Growing up, I was a fan of the Choose Your Own Adventure books.
If you are not familiar with the series, the reader is the main character. As the main character, you are in charge of what happens in the story.
The way the books do this is by introducing a storyline, which moves along until you reach a crossroad. You then need to make a choice to keep on reading.
Your choices will have different consequences…and endings.
The ‘wrong’ choice could set you back to where you started…or worse. It could lead you to a premature (and usually very creative) death.
Much of what I liked about the books was that there was no clear right or wrong choice.
Any decision you made could have very unpredictable consequences.
The reason for this was that you didn’t know all the facts until AFTER you made a decision. You had to make a choice with the little information you had at hand.
As they say, hindsight is 20/20…
So, you try to make what you think is the best choice for the situation, with the limited amount of information you have.
Sometimes, this would lead you to the best possible outcome. But often it didn’t.
Much like in life and investing, you try to interpret the world around you and make decisions based on the small window of information you have available.
Right now, economists are trying to determine the likelihood, and consequence, of a possible trade war between the US and China…with the limited amount of information we have.
Trade war talk between the US and China has been heating up recently.
The current status of the trade war
Last month, the US imposed tariffs on steel (25%) and aluminium (10%). They temporarily suspended tariffs for the European Union, Argentina, Australia, Brazil, Canada, Mexico and South Korea.
But not for China.
Over the weekend, China retaliated…with more tariffs.
China has imposed duties on 128 imports, worth US$3 billion.
The tariffs affect mostly agricultural products, a hit at the sector that voted for Trump. They include wine, pork, fruit, nuts and other products.
China says the measure is a way to pressure the US to back down from a trade war.
While there is a lot of indications that they are both on the trade war path, both parties so far are taking relatively cautious steps. Which could indicate they are just warming up to induce negotiations.
As we told you back in March, the US imposing steel and aluminium tariffs doesn’t really affect China. Chinese aluminium exports to the US make up only 2.1% of China’s production. And steel exports are just 0.2%.
The same goes for China’s recent move.
They haven’t targeted the big ticket items like soybeans, aircrafts and vehicles.
But, in saying this, things could escalate quickly.
The US is now looking to impose tariffs on about US$60 billion of Chinese imports as they accused china of stealing US intellectual property.
According to the Office of the US Trade Representative, the US currently imports US$478.8 billion from China while US exports to China were worth US$169.8 billion.
The US following through with these tariffs would impact about 12% of China’s exports into the US.
That would be a big hit.
It is likely China would also retaliate with another big hit, maybe even target one of the big ticket items.
How could the trade war affect the economy?
How could a trade war affect us?
Well, KPMG economics has tried to model several scenarios.

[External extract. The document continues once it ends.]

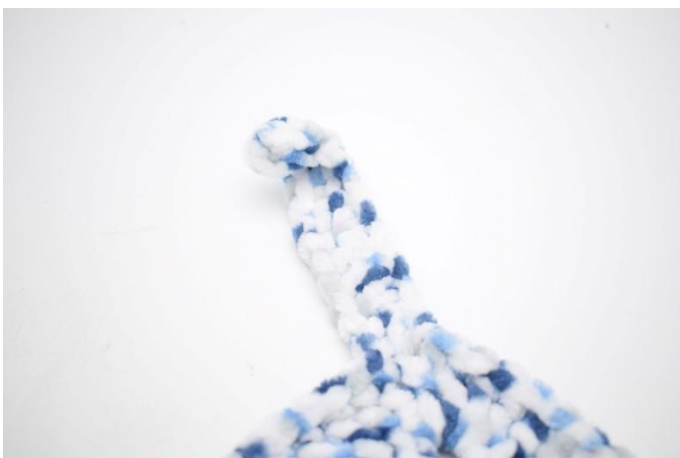
3. In die nächste Ecke wird ein Knoten gebunden.

According to them, a 5% increase in tariffs by all countries on manufactured goods would slow the global economy by 1.3%. The European Union, the UK and Canada would enter a recession and Australia would see a drop in growth by 0.8%.
This is the least worse-case scenario.
If all countries impose tariffs by 10%, the world could enter a severe recession. This could decrease Australia’s GDP by $35 billion.
As KPMG research shows, while all countries lose under the tit-for-tat escalation, the US economy would be the one to lose the least. While Canada and Europe would lose the most.
As Brendan Rynne, KPMG Australia Chief Economist warned:
‘Our modelling shows that countries would be wise to consider how to respond to any import tariffs implemented by the US.
‘While all countries lose under these scenarios, the US lose by considerably less than others do.’
While China and the US look open to negotiate, the outlook could definitely change quickly. That is the thing with trade wars…
Tensions could fizzle out as both sides negotiate a solution.
Or we could see an escalation as both sides increase their responses…and the world’s largest economy decides to confront its up and coming competitor.
A full on trade war could lead the world into a recession.
Meanwhile, YOU as an investor try to choose the best option to protect your portfolio. You and YOU ALONE are in charge of safeguarding it.